◆ **Given material**:
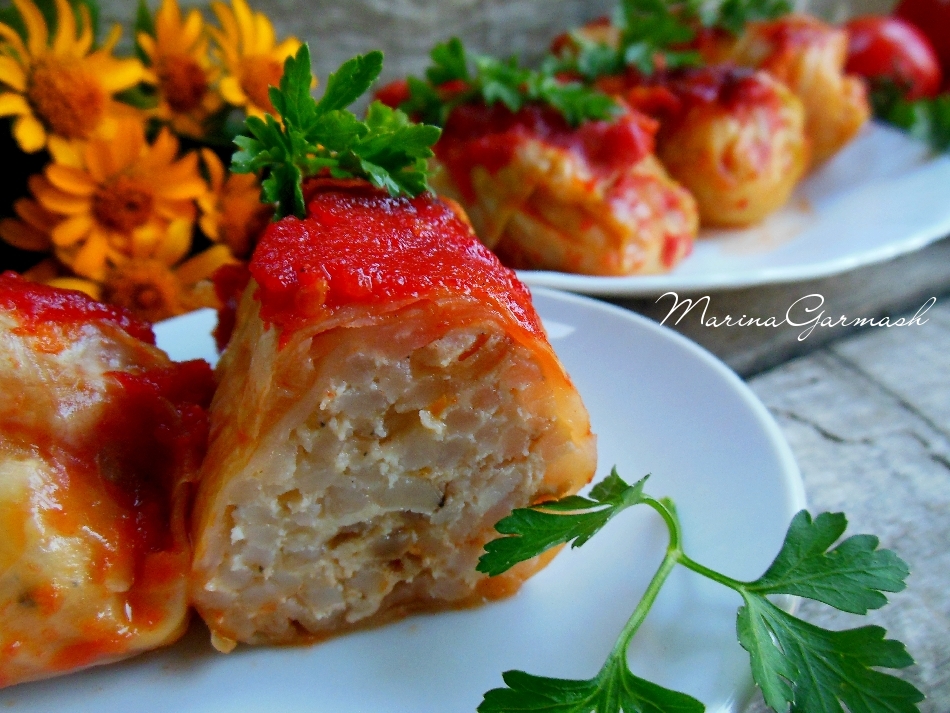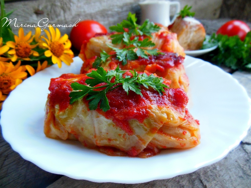 Сегодня хочу поделиться своим фирменным блюдом. Голубцы с начинкой из фарша и риса, запечённые в томатно-сметанном соусе в духовке, очень любят не только в моей семье, но их с нетерпением ждут и гости, приходя в наш дом. Поэтому я часто готовлю это блюдо. Предлагаю и вам попробовать, очень вкусно, особенно на второй день, когда голубцы как следует пропитаются.
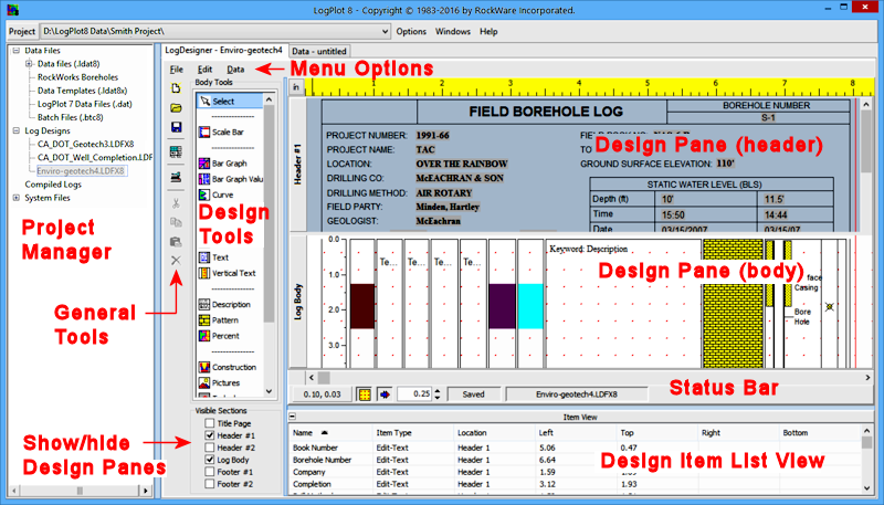 Before you get into the log design items themselves, you should familiarize yourself with some general design features of the program. The "Design Screen" is your work area: designing logs is simply a matter of "drawing" the desired format items in their appropriate positions on the design screen as if it were a piece of paper. When you open a log design (LogPlot is shipped with many), the program screen will look something like the example shown below. These screen items are summarized below.
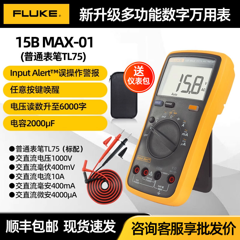 天猫福禄克Fluke15B MAX-01高精度数字万用表电工万能表17BMAX-02/KIT
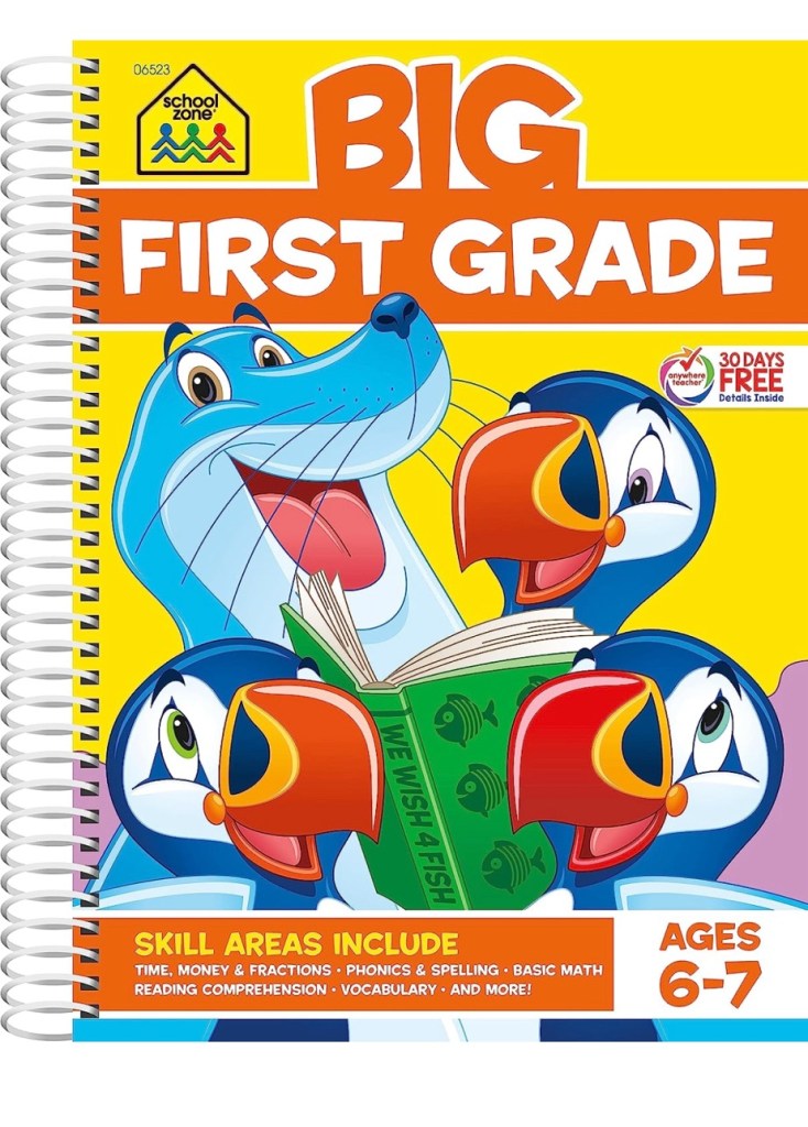 One of the books that was particularly beneficial is ‘BIG First Grade.’ This book exposes children to a wide range of question formats and topics, making it suitable for a gradual increase in difficulty. It covers alphabet, words, sentences, and gradually progresses to more challenging concepts like numbers, fractions, clocks, dates, and money. The book combines English and mathematics, making it easier for children struggling with English.

◆ **What the task requires**: Return nothing but the lines running from the start of the data to the line with "天猫福禄克Fluke15B MAX-01", please, both ends included and no pictures.

◆ **Response to the task**:
 Сегодня хочу поделиться своим фирменным блюдом. Голубцы с начинкой из фарша и риса, запечённые в томатно-сметанном соусе в духовке, очень любят не только в моей семье, но их с нетерпением ждут и гости, приходя в наш дом. Поэтому я часто готовлю это блюдо. Предлагаю и вам попробовать, очень вкусно, особенно на второй день, когда голубцы как следует пропитаются.
 Before you get into the log design items themselves, you should familiarize yourself with some general design features of the program. The "Design Screen" is your work area: designing logs is simply a matter of "drawing" the desired format items in their appropriate positions on the design screen as if it were a piece of paper. When you open a log design (LogPlot is shipped with many), the program screen will look something like the example shown below. These screen items are summarized below.
 天猫福禄克Fluke15B MAX-01高精度数字万用表电工万能表17BMAX-02/KIT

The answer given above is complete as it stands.